The study provides decisive evidence against interpreting LLM-reported probabilities as subjective beliefs that fully drive rational decision-making, at least under the standard rational utility maximization paradigm. The continuous presence of statistically significant violations in all evaluated models, even after calibration or prompt control, formally demonstrates that the behavioral outputs of LLMs are not rationalizable by classical Bayesian agents. Importantly, the degree of deviation is task- and model-dependent, and in many cases, is mild enough that utility maximization remains a practical approximation.

Contradictory Claims and Practical Utility

The paper claims that, although strong theoretical violations exist, elicited beliefs can still be a useful—if imperfect—lens for understanding model behavior when validated by task-specific tests. The robustness of belief–action coherence varies widely, indicating the necessity for tailored evaluations in safety-critical applications.

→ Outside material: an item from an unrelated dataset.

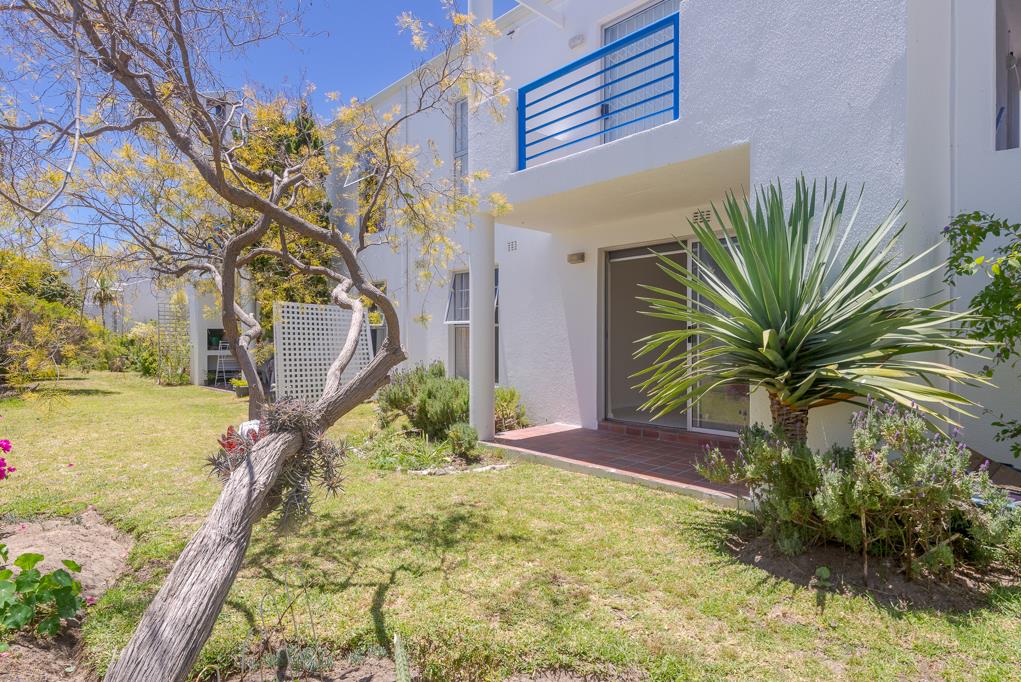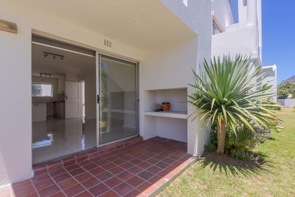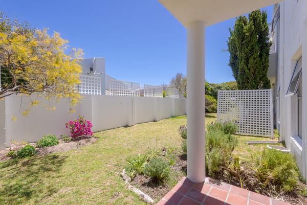 The apartment has been retiled with porcelain floor tiles and newly repainted. There are two light filled bedrooms with built in cupboards. The apartment is on the ground floor with a patio and built in braai perfect for entertaining guests or enjoying a sundowner. It is north facing and has its own little garden which is cared for by the complex gardener.

Prospects for Future AI Research

This analysis places the field on sounder footing regarding the interpretation and deployment of LLMs in decision support. It motivates further exploration into the sources and types of rationality violation—such as prompt-induced variability, model-specific inductive biases, and hidden representations. Advancements in mechanistic interpretability, cross-task reasoning stability, and uncertainty modeling are expected to bridge gaps between verbalized probabilities and actionable internal beliefs, ultimately improving trust and reliability in LLM-guided decision-making.

Conclusion

The paper introduces a comprehensive, decision-oriented framework for evaluating belief coherence in LLMs within high-stakes domains. Empirical tests reveal that LLMs' verbalized probabilities and actions are consistently misaligned with rational agent models, with internal and cross-task inconsistencies persistent across diverse settings. These findings caution against treating LLM outputs as direct proxies for internal subjective probabilities, underscoring the need for rigorous evaluation and refinement. The principled approach developed here enriches the toolkit for diagnosing and improving LLM behavior, paving the way for safer deployment in consequential applications.